The nozzle 23 is disposed in the upper part of the drying chamber 24. The nozzle 23 includes a slurry liquid supply path 21 a that opens into the drying chamber 24 and an air supply path (not shown). A slurry liquid tank 21 for supplying the slurry liquid is connected to the slurry liquid supply path 21a, and a blower for supplying air is connected to the air supply path (not shown).
The slurry liquid supplied from the slurry liquid supply path 21a and the blown air supplied from the air supply path (not shown) collide at the nozzle 23, whereby the slurry liquid is sprayed into fine droplets.

The drying chamber 24 is a cylindrical dryer having a hollow inside.

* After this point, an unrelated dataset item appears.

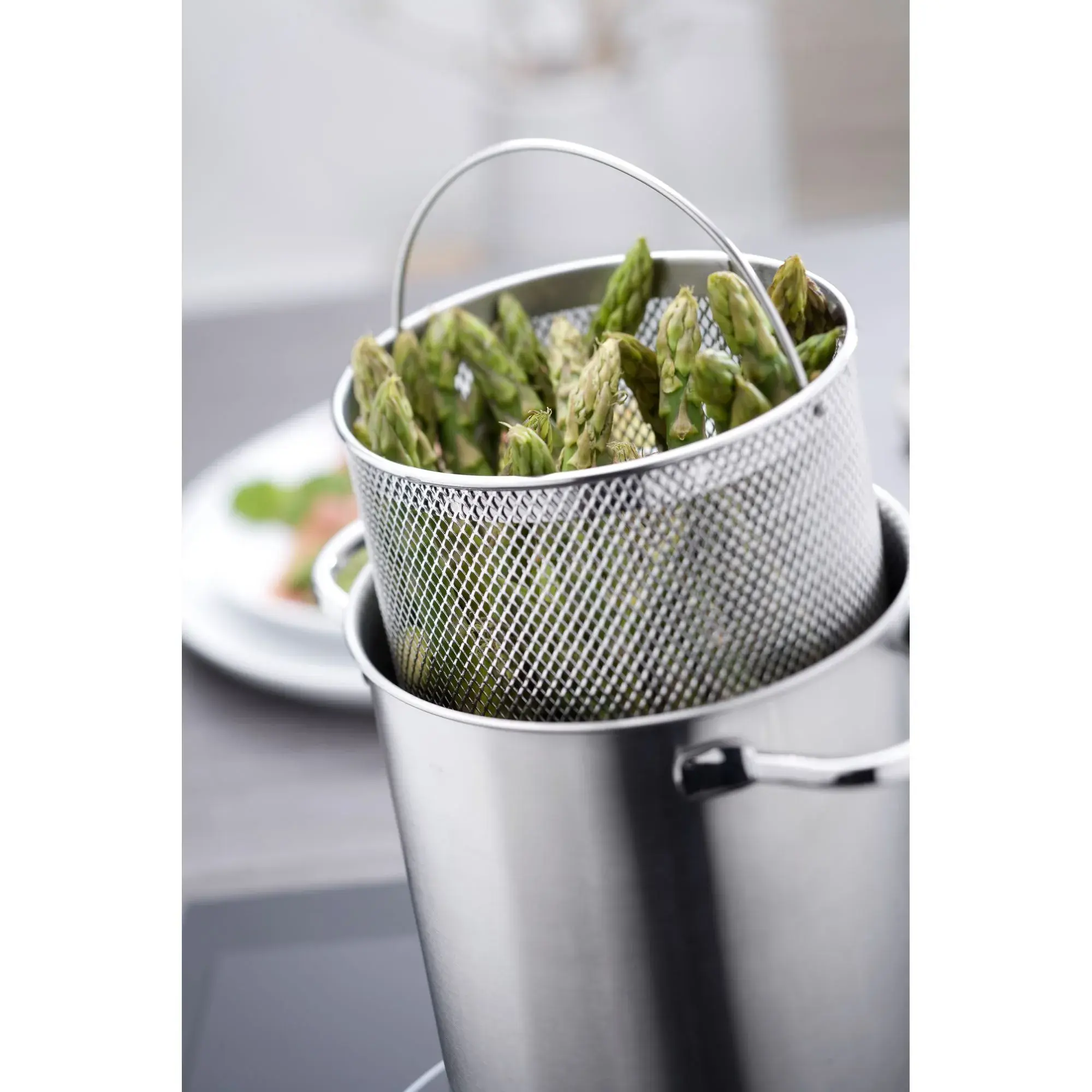 Внутри кастрюли вы также найдете выдвижную корзину из нержавеющей стали. Корзина позволяет быстро вынимать и одновременно процеживать содержимое кастрюли.

A nozzle 23 is disposed at the top, and a blower opening 22a through which air is introduced from the blower blower 22 is opened.
In addition, a heater 26 capable of heating the air introduced into the drying chamber 24 to a predetermined temperature is provided between the blower blower 22 and the blower opening 22a.
That is, the slurry liquid is supplied to the nozzle 23 through the liquid supply path 21 a, and simultaneously atomized by supplying air from the air supply path to the nozzle 23 and sprayed into the drying chamber 24.

The discharge port of the drying chamber 24 is connected to a cyclone 27. The outlet of the cyclone 27 is connected to the bag filter 28. A wind exhaust blower 29 is connected to the bag filter 28.
The lower part of the cyclone 27 and the bag filter 28 is provided with a discharge port capable of collecting the product.

(Drop formation process).
Next, the air from the blower blower 22 is heated by the heater 26 and introduced into the drying chamber 24. In the drying chamber 24, the atomized slurry droplets and the heated air come into contact with each other, and the slurry droplets are dried. At the same time, a coating layer made of an inorganic material is formed on the surface of the functional substance particles. A carrier is produced (drying step).

The air temperature in the drying step is preferably set to 100 ° C. or more and 300 ° C. or less at the inlet temperature.

The prepared precursor carrier falls in the drying chamber 24 together with hot air and is sent to the cyclone 27, and most of the precursor carrier is collected. The precursor carrier that has not been collected is sent to the bag filter 28 and collected. The state of the surface of the precursor carrier thus produced is shown in FIG.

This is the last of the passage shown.